Cheers dude, hopefully I get that kind of service soon before my next mish!


----------



## Manicmouse (Apr 7, 2014)

They have a couple of company dudes who are forum members so you'll probably hear from them when they next keyword search 'Union'


----------



## Malpractice (Jul 27, 2014)

Ouch. Ok. 

Well hopefully it's not the case, but if that does happen I'll be going back to Burton. Decided to try Unions because Hype + Travis Rice does seem to work on me.:dizzy:


----------



## Brewtown (Feb 16, 2014)

I have the same model and yeah it's not the best ratchet but I was able to manage. If you fit it properly to your boot and don't over tighten when strapping in it's not so bad. Some people have better luck than others, but generally speaking pre 2014 Union toe straps just blow. 

From what I've heard they significantly improved the ratchet last season and their customer service is solid, so if you've already emailed them you should be on your way to solving the problem. On the other hand there are other options out there with better straps and ratchets so really just depends if you want to stick with Union or try something new.


----------



## Malpractice (Jul 27, 2014)

Well they are brand new bindings and so far that's the only problem, so I wouldn't mind not having to shell out for something else. To be honest I didn't get many days in after I bought them last year so haven't had time to judge on how they feel to ride because the only thing that's stood out is the pain in the arse of the ratchets, unfortunately.


----------



## Brewtown (Feb 16, 2014)

Well it's a solid binding otherwise, I'd just take some time in the off season to get all the adjustments dialed in and to get a feel for the right release point. Don't over tighten and don't force it when it sticks and you should be OK. If it continues to be a problem Burton's toe caps and ratchets are money, I ride both the Atlas and Cartels and would probably just flip a coin if I had to choose between the two.


----------



## Malpractice (Jul 27, 2014)

Sweet. Well I'm sure they are unfortuantely one of the ratchets are pretty munted from trying to get them off so I have to source new ones anyway.
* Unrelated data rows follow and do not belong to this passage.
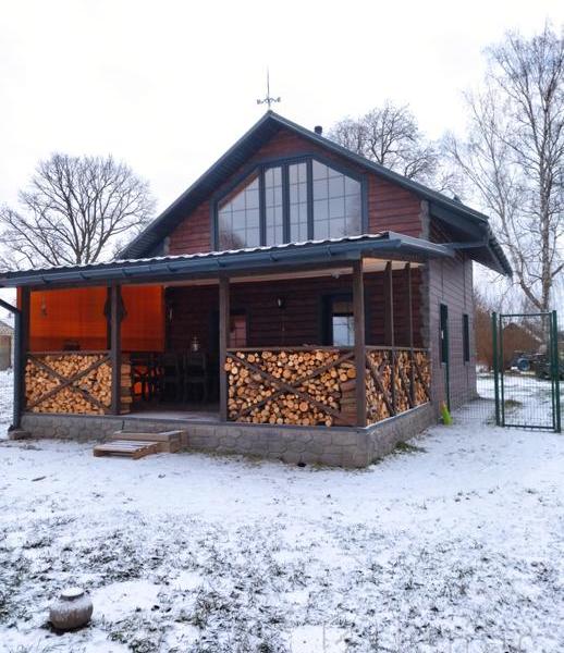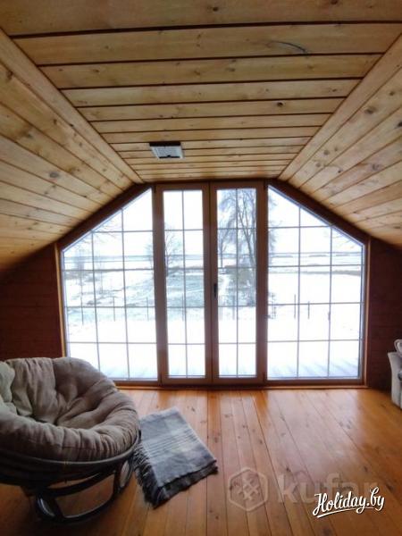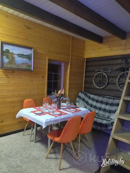 Площадь 60 м2 на участке 5 соток ограждённым забором. Размещение до 6 человек включительно. На первом этаже одна комната, типа студии с уютным раскладным диваном, столом для застолий. На втором этаже (удобная пологая лестница) 2-х спальная большая кровать и раздвижной 2-х спальный диван, панорамное окно, выходящее на природу, обеспечивает хорошее настроение жильцов, ощущение легкости и полета.
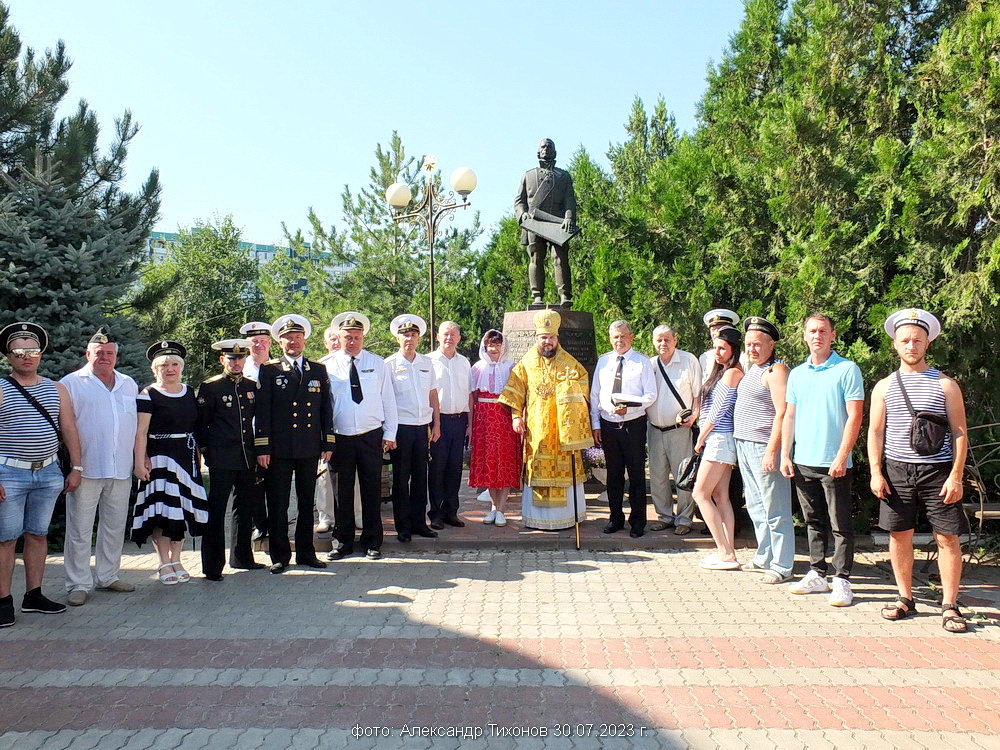 Моряки начали своей праздник со сбора и торжественного молебна в храме Рождества Христова. Затем прошло возложение цветов к памятнику знаменитого флотоводца Фёдора Ушакова.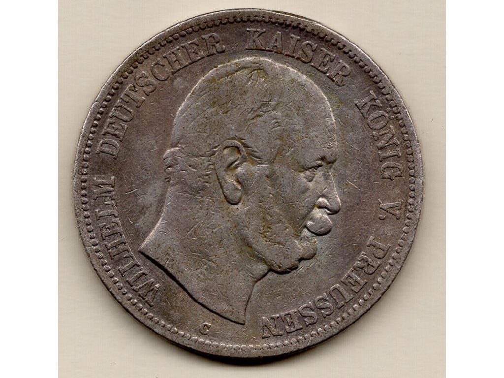 Tento kus o nominální hodnotě 5 Mark byl ražen v letech 1891–1908 za vlády Viléma II. (1888–1918), posledního německého císaře a pruského krále. Averz nese jeho výrazný portrét s charakteristickými rysy, zatímco reverz zdobí císařský orel, majestátní symbol jednoty a moci Německé říše. Pětimarky patřily k nejvyšším stříbrným nominálům své doby a byly raženy z kvalitního kovu o ryzosti .900. Tyto mince nejen sloužily v oběhu, ale také reprezentovaly mocenské a kulturní ambice císařského Německa před první světovou válkou. Po roce 1920 byly sice demonetizovány, avšak dnes jsou vyhledávanými sběratelskými artefakty, které přinášejí autentické svědectví o éře pruské dominance a císařské hrdosti.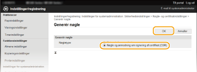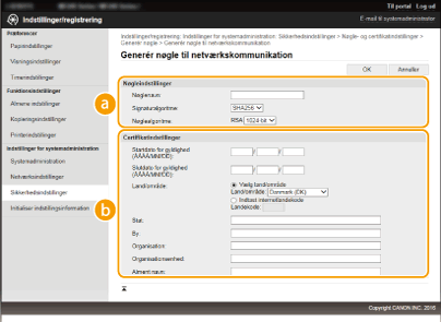 Der kan genereres et nøglepar med maskinen, når det er nødvendigt til krypteret kommunikation via TLS (Transport Layer Security). Du kan bruge TLS, når du har adgang til maskinen via Brugerinterface til fjernbetjening. Der kan genereres op til fem nøglepar (inklusive de par, der er genereret på forhånd) til maskinen. Selvunderskrevne certifikater bruges sammen med nøglepar, der er genereret i "Netværkskommunikation". Med "Nøgle og anmodning om signering af certifikat (CSR)" kan du ansøge om et CA-udstedt digitalt certifikat til det nøglepar, der er genereret af maskinen.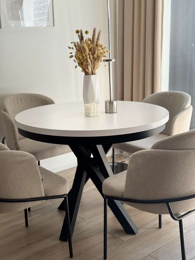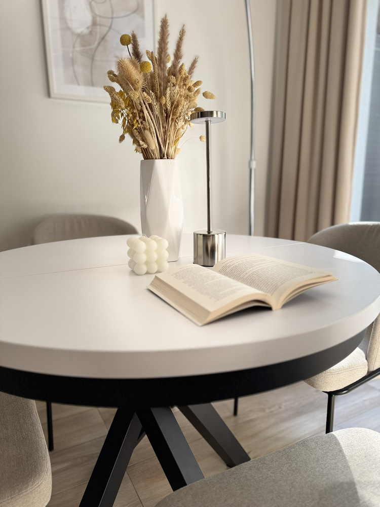PASCAL är ett bord för små utrymmen som kombinerar ett tidlöst utseende med moderna detaljer. Den klassiska vita färgen i kombination med den svarta basen gör det till ett utmärkt val för moderna eller loftinspirerade interiörer. Den runda formen främjar samtal och gemensamma måltider, och utdragsfunktionen gör att bordet kan anpassas efter tillfället.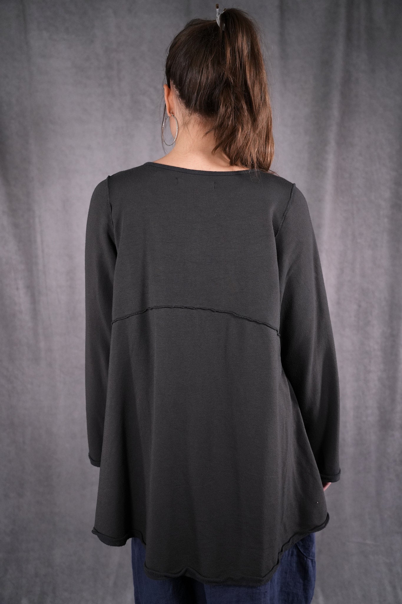 Made from incredibly soft organic cotton fleece, with a curved hem giving it a flattering shape and style. A piece that will mix with this collection as well as collections past .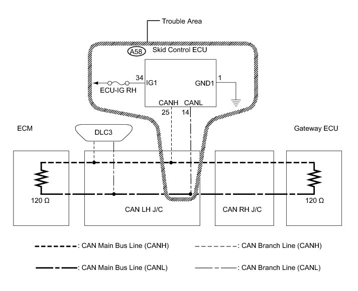 NG -- REPAIR OR REPLACE SKID CONTROL ECU BRANCH LINE OR CONNECTOR (CAN-H, CAN-L)

Wouldn't mind going for the later ones if they are better.

Does anyone know if that's what you get at c3-shop at the mo, if you just get the ratchets? 

Ratchets - SET | C3-SHOP

Just don't want to order them and find out they are the same or surplus '13 ratchets.


----------



## timmytard (Mar 19, 2009)

I'm pretty sure Union bindings is a member of this forum.


TT


----------



## linvillegorge (Jul 6, 2009)

I wouldn't rely on the forum to get you help from Union. I've seen them offer sizing advice, product info, etc. but in terms of product support I've never seen anything more than them simply telling posters to email the warranty department. That's not a knock on them, just letting you know what to expect.


----------



## UNION INHOUSE (Nov 13, 2012)

SGboarder said:


> Agreed . But in my case email did not result in a response either...


I always ask people to call the office. 

206.632.1601

Simply ask for the warranty dept.


----------



## ekb18c (Mar 11, 2013)

Many friends who use Union switch out the toe caps for Ride's toe straps. With a little modification they work and fit nicely. 
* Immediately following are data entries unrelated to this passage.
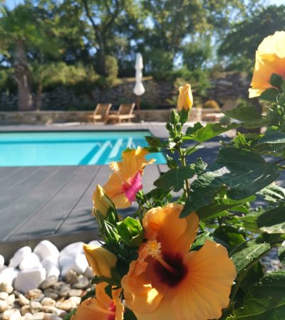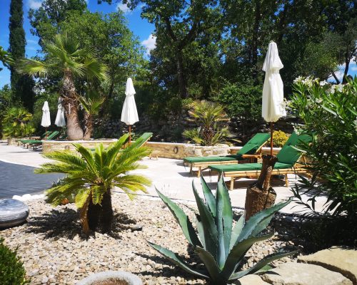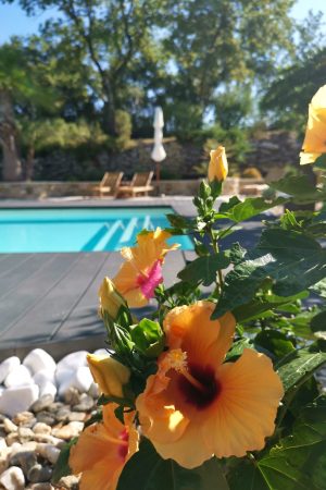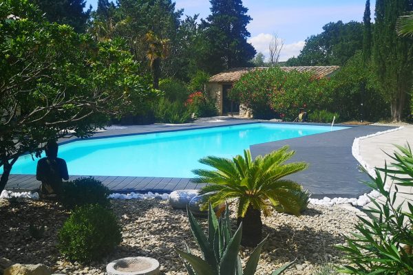 En bordure de l’orangerie, la piscine, c’est un des joyaux de notre domaine. Elle vous surprendra sans doute par sa beauté et sa taille (19,5 x 5 m), les galets blancs et les plantations qui l’entourent, l’espace de repos qu’elle procure, l’éclairage tamisé en fin de soirée.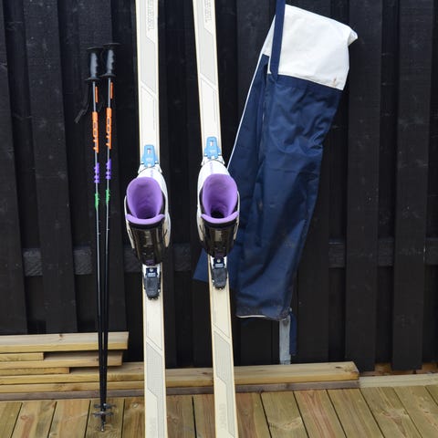 Alpinskidor, längdåkningsskidor, stavar, bindningar.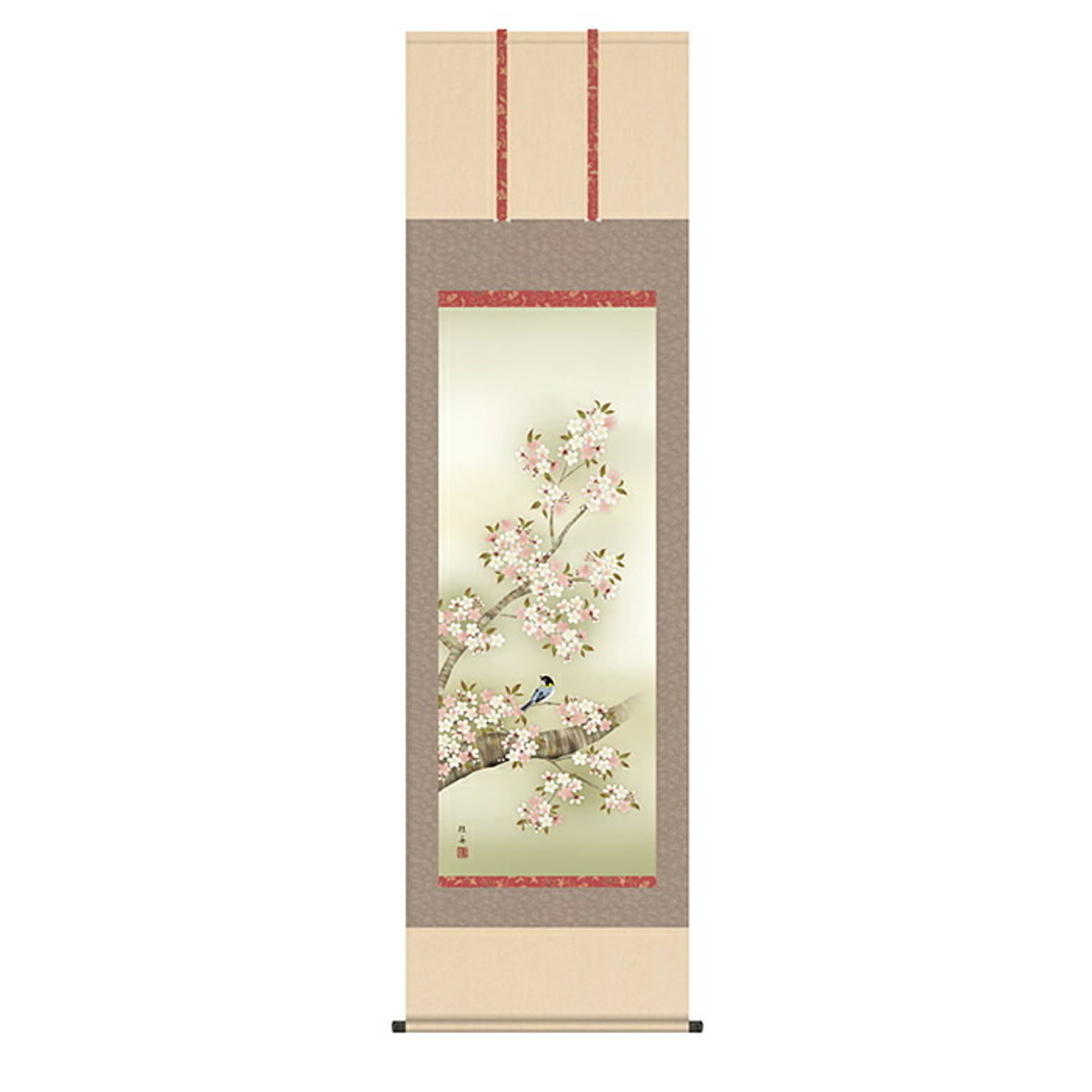 掛け軸 桜花に小鳥 長江桂舟 54.5x190cm 三幸

http://www.youtube.com/watch?v=zrLslsRtOFU


----------



## Manicmouse (Apr 7, 2014)

SGboarder said:


> I will make sure to do that when I really have a warranty event. In my case it was only some feedback/a review with praise (lots of it) and criticism (the abomination of a toe strap).
> Also, I am based in Asia...


Throw some credit on Skype, cheap international calls and you can call toll free numbers that you usually can't reach internationally.


----------



## SGboarder (Jun 24, 2012)

Manicmouse said:


> Throw some credit on Skype, cheap international calls and you can call toll free numbers that you usually can't reach internationally.


Missing my point: It is not about the cost of the phone call, but about who is responsible/will do follow-up (Union? Local agent/distributor?) - especially if it is not a warranty event.


----------



## UNION INHOUSE (Nov 13, 2012)

SGboarder said:


> Missing my point: It is not about the cost of the phone call, but about who is responsible/will do follow-up (Union? Local agent/distributor?) - especially if it is not a warranty event.
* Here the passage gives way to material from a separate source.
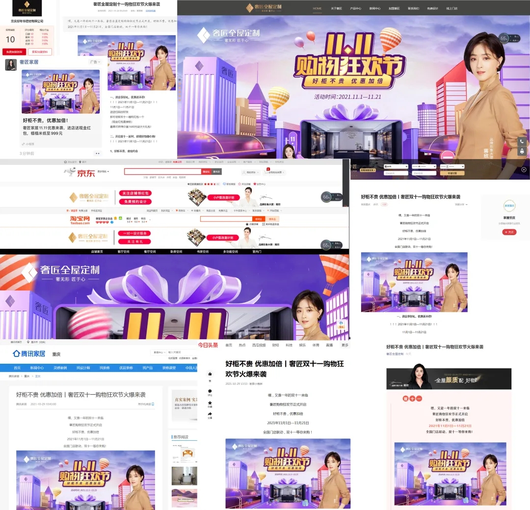 本次活動借助雙十一全民購物狂歡潮活動良機,集微信公眾號、京東、淘寶、抖音、小紅書等自媒體平臺全線引流宣傳,騰訊家居、慧亞家居等合作媒體同步造勢,提升品牌聲量,一展品牌勢力。同時,全面覆蓋目標群體,助力終端獲客。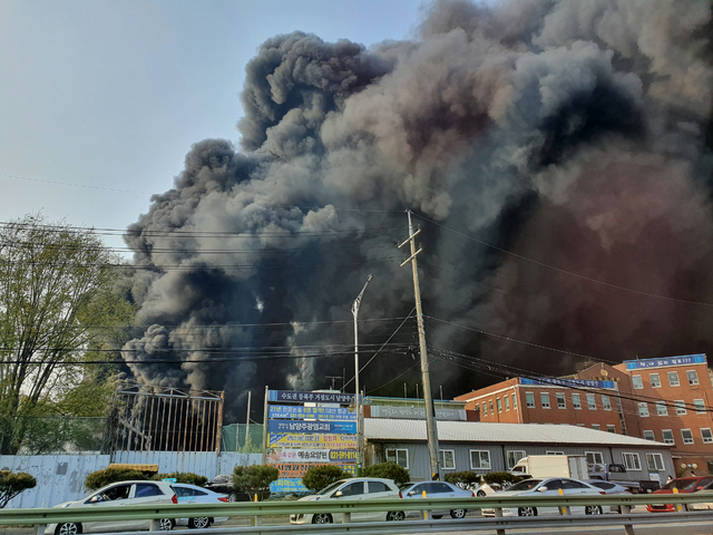 [서울=뉴시스]조수정 기자 = 10일 오후 4시 30분께 경기 남양주시 다산동 도농역 인근 주상복합건물에서 화재가 발생, 경기소방, 서울소방 등이 진화작업을 하고 있다. (사진=독자 제공) 2021.04.10. [email protected] *재판매 및 DB 금지

Distributors | Union Binding Company

Scroll down to your country.


----------



## Malpractice (Jul 27, 2014)

UNION INHOUSE said:


> I always ask people to call the office.
> 
> 206.632.1601
> 
> Simply ask for the warranty dept.


Hi mate, I'm based in NZ. Is there a contact for here? I filled in the the form on this page:

Distributors | Union Binding Company

...but have had no word yet. Also principaldistribution.com.au does not seem to exist as a website so I'm a bit concerned no one will actually recieve my enquiry.

Thanks,
- Malik


----------



## Malpractice (Jul 27, 2014)

SGboarder said:


> No coverage in most countries in Asia, which is neither surprising nor unreasonable.
> 
> But again, when I reached out to Union it was not a warranty event anyway - more some feedback and comments.


N.B. I also actually needed some new capstraps for my Burton Freestyles.. got a reply within a couple hours and was as helpful as a helpful thing.


----------



## Steezus Christ (Jul 29, 2013)

ekb18c said:


> Many friends who use Union switch out the toe caps for Ride's toe straps. With a little modification they work and fit nicely.
> 
> How to: Union Force + Ride Thingrip 3D Toestrap= FRANKEN FORCE - YouTube


dam why would u do that?! i love my 10/11 union toe straps, so comfortable and great durability. i'd put them on any binding if i could still get some. if i couldnt get union parts, i'd swap them out for burton's toe caps. from my experience i find rides toe straps just dont last long enough. burton ladders also fit in much easier than rides. they essentially have the same ladder/baseplate system.


----------



## Malpractice (Jul 27, 2014)

So I heard from Union! They are going to send me some new ratchets! :yahoo:

Pretty good service I have to say. Although it did take a day or so and it seems I had to write to the U.S. contact to get anything done. 

The Australasian contact seems to be non existent... at least via e-mail. And the URL they have for the e-mail (principaldistribution.com.au) seems to be a dead link. So Aussies and Kiwis beware.

Anyway time to get back to shredding. Cheers all.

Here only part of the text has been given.